### Problem to work on
Under this line sits a listing. Repeat exactly and only its lines from the one holding "Brushing your teeth after meals." through the one holding "HD T-LOCK CUTTING HEAD"; skip pictures.
Data provided below:
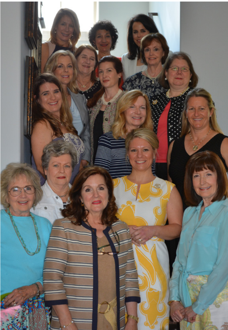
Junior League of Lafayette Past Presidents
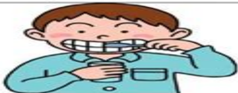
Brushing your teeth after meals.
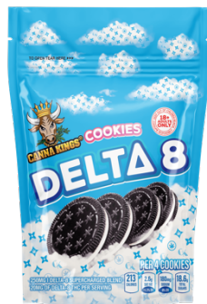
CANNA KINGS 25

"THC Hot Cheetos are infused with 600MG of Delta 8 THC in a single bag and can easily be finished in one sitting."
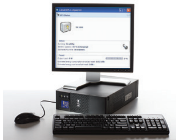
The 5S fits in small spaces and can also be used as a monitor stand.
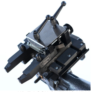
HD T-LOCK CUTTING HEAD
End of Data provided.
Data provided below:
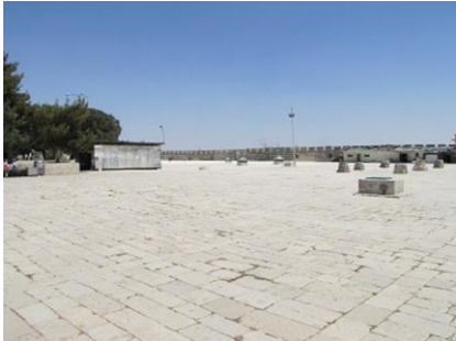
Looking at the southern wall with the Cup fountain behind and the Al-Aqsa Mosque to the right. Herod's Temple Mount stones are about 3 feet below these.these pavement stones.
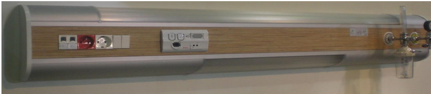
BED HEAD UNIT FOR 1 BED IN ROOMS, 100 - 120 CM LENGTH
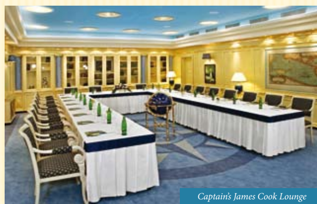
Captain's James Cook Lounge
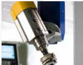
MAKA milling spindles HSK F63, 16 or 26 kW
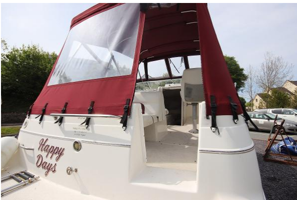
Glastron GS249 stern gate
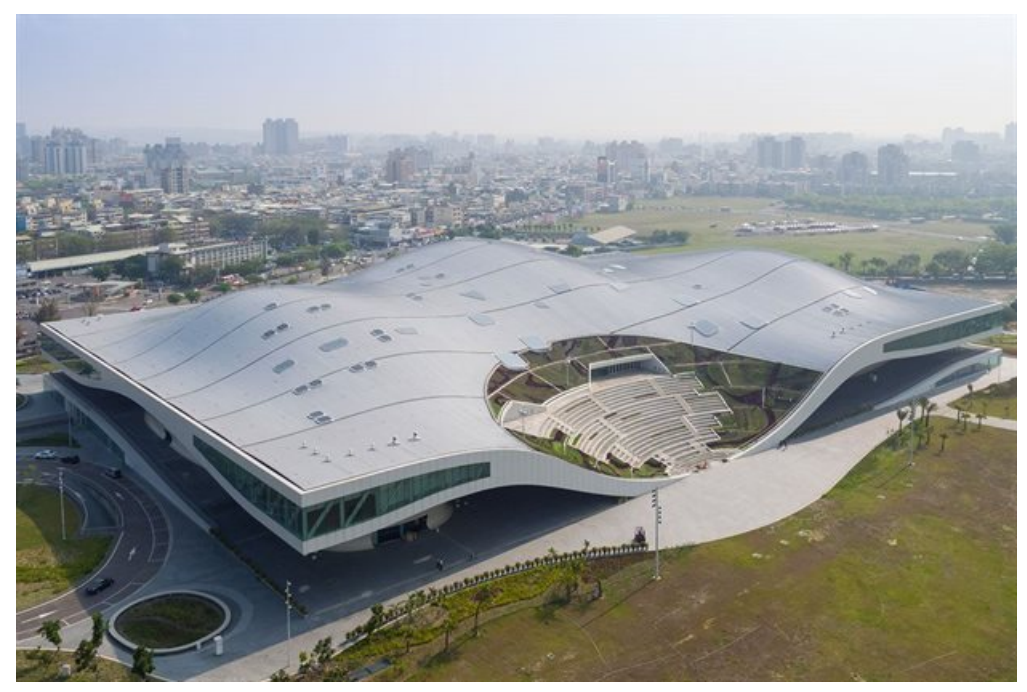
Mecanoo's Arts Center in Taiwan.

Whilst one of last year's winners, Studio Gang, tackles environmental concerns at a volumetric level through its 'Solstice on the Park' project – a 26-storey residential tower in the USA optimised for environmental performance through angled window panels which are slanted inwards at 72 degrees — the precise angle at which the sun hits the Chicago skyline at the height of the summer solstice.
End of Data provided.
### Task response
Brushing your teeth after meals.
CANNA KINGS 25

"THC Hot Cheetos are infused with 600MG of Delta 8 THC in a single bag and can easily be finished in one sitting."
The 5S fits in small spaces and can also be used as a monitor stand.
HD T-LOCK CUTTING HEAD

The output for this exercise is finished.